• _Goal of the exercise_
The whole listing needs to be written out exactly, except for any images.

• _Data segment_
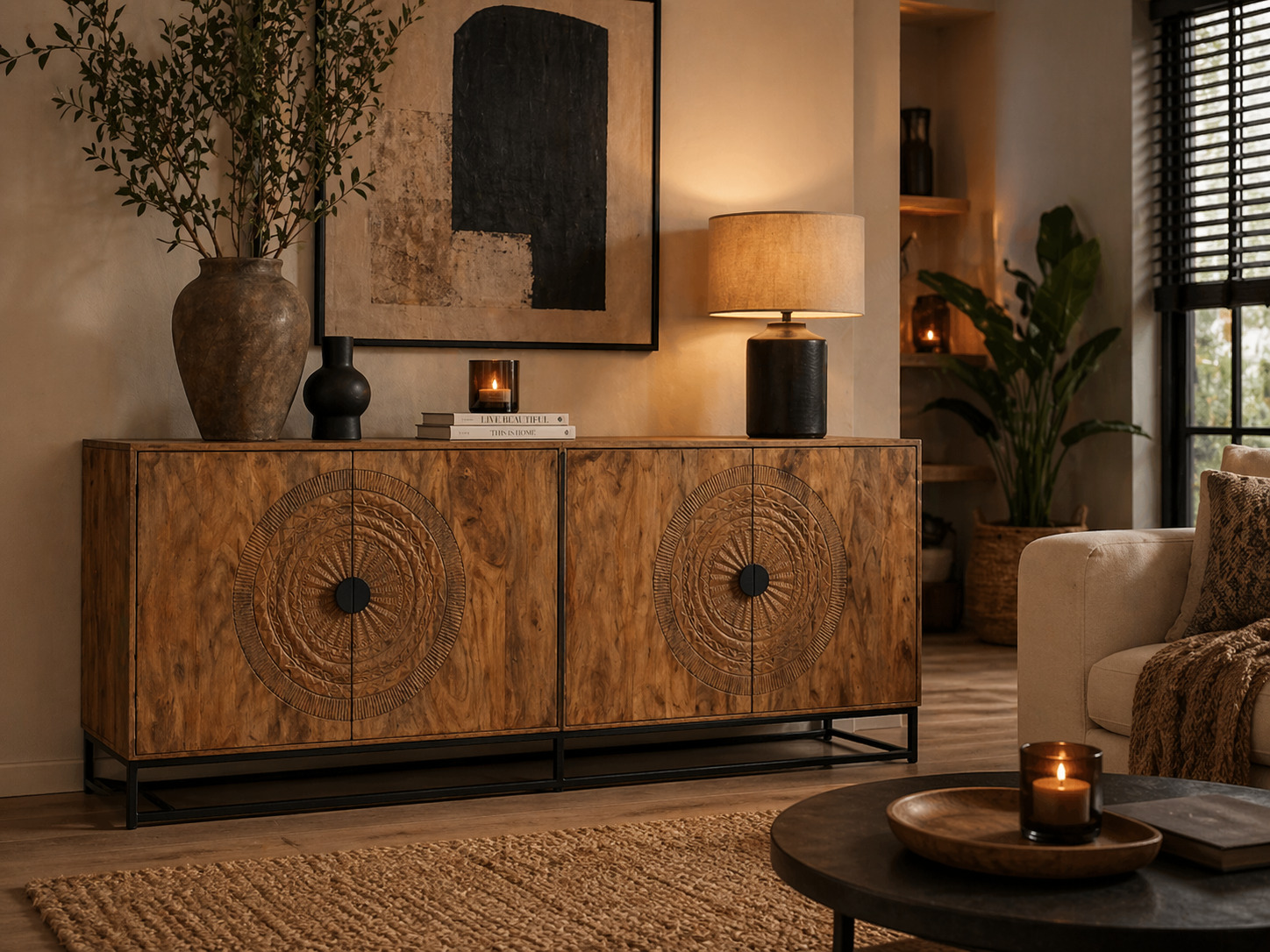 Woonserie Casina combineert handgesneden mandala-motieven met antiek zwart mangohout en metalen accenten voor een artistieke en industriële uitstraling.
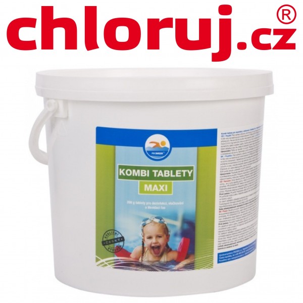Pak se vloží do plováku nebo zásobníku tablet 1 ks KOMBI TABLETY MAXI na 20-30 m3 vody v bazénu. Toto množství by mělo stačit na udržení potřebné koncentrace 0,3-0,5 mg/l aktivního chloru ve vodě na 5 až 10 dnů v závislosti na faktorech, které ovlivňují množství aktivního chloru ve vodě, jako jsou teplota vzduchu a vody, intenzita slunečního záření a zatížení bazénu. Kontrolu správné koncentrace aktivního chloru a pH je třeba provádět pravidelně vhodným testerem. Přípravek v sobě již obsahuje látky, které zabraňují růstu řas, přesto při případném výskytu řas je možné provést jednorázovou úpravu vody přípravkem CHLOR ŠOK dle návodu uvedeného na tomto přípravku.
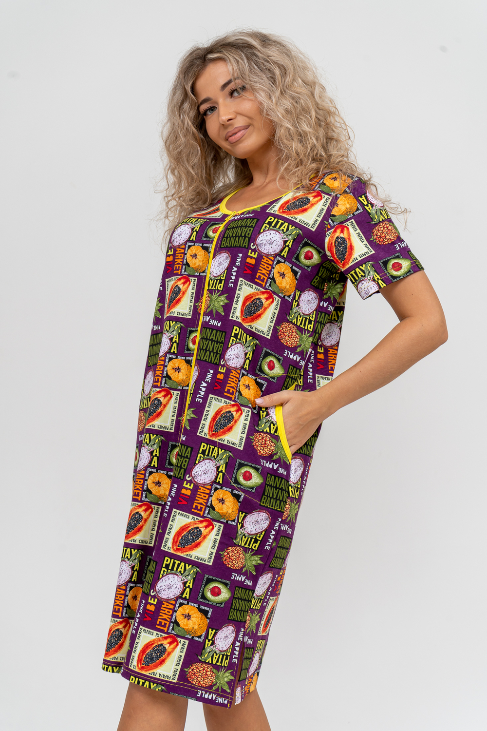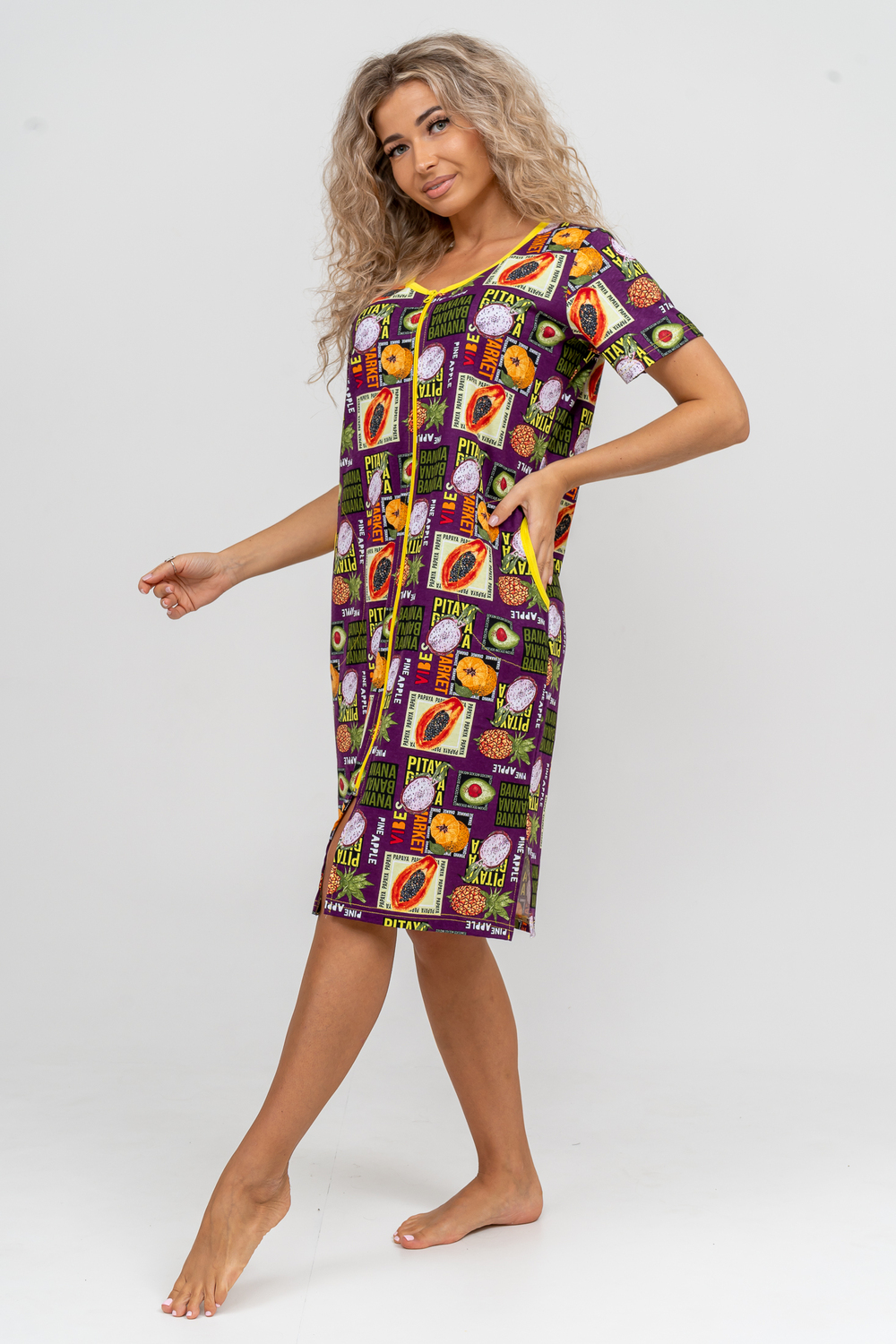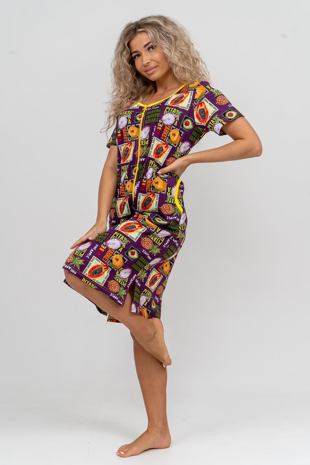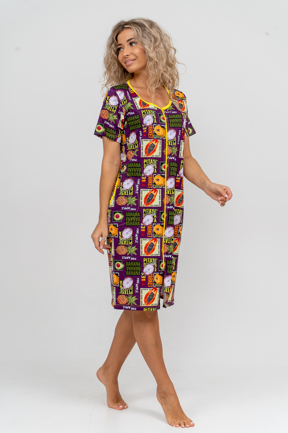 Модный женственный халатик выполнен из 100% хлопчатобумажной ткани, что обеспечивает максимальный комфорт при ношении. Отличается мягкостью и приятной на ощупь текстурой. Материал прекрасно дышит. Носить такой халатик Вы сможете как летом, так и в любой другой сезон. Надёжный замок на молнии сохраняет свои свойства в течении всего времени использования. Женственный вырез и 2 боковых кармана добавляют образу шарм и делают изделие удобным и практичным. Изысканный халатик подойдёт для любого типа фигуры. Отличная модель для дома, для роддома, после родов, для кухонных дел и хозяйственной уборки, для дачи. И конечно идеально после душа, сауны, бани и ванной.

• _Solution_
 Woonserie Casina combineert handgesneden mandala-motieven met antiek zwart mangohout en metalen accenten voor een artistieke en industriële uitstraling.
Pak se vloží do plováku nebo zásobníku tablet 1 ks KOMBI TABLETY MAXI na 20-30 m3 vody v bazénu. Toto množství by mělo stačit na udržení potřebné koncentrace 0,3-0,5 mg/l aktivního chloru ve vodě na 5 až 10 dnů v závislosti na faktorech, které ovlivňují množství aktivního chloru ve vodě, jako jsou teplota vzduchu a vody, intenzita slunečního záření a zatížení bazénu. Kontrolu správné koncentrace aktivního chloru a pH je třeba provádět pravidelně vhodným testerem. Přípravek v sobě již obsahuje látky, které zabraňují růstu řas, přesto při případném výskytu řas je možné provést jednorázovou úpravu vody přípravkem CHLOR ŠOK dle návodu uvedeného na tomto přípravku.
 Модный женственный халатик выполнен из 100% хлопчатобумажной ткани, что обеспечивает максимальный комфорт при ношении. Отличается мягкостью и приятной на ощупь текстурой. Материал прекрасно дышит. Носить такой халатик Вы сможете как летом, так и в любой другой сезон. Надёжный замок на молнии сохраняет свои свойства в течении всего времени использования. Женственный вырез и 2 боковых кармана добавляют образу шарм и делают изделие удобным и практичным. Изысканный халатик подойдёт для любого типа фигуры. Отличная модель для дома, для роддома, после родов, для кухонных дел и хозяйственной уборки, для дачи. И конечно идеально после душа, сауны, бани и ванной.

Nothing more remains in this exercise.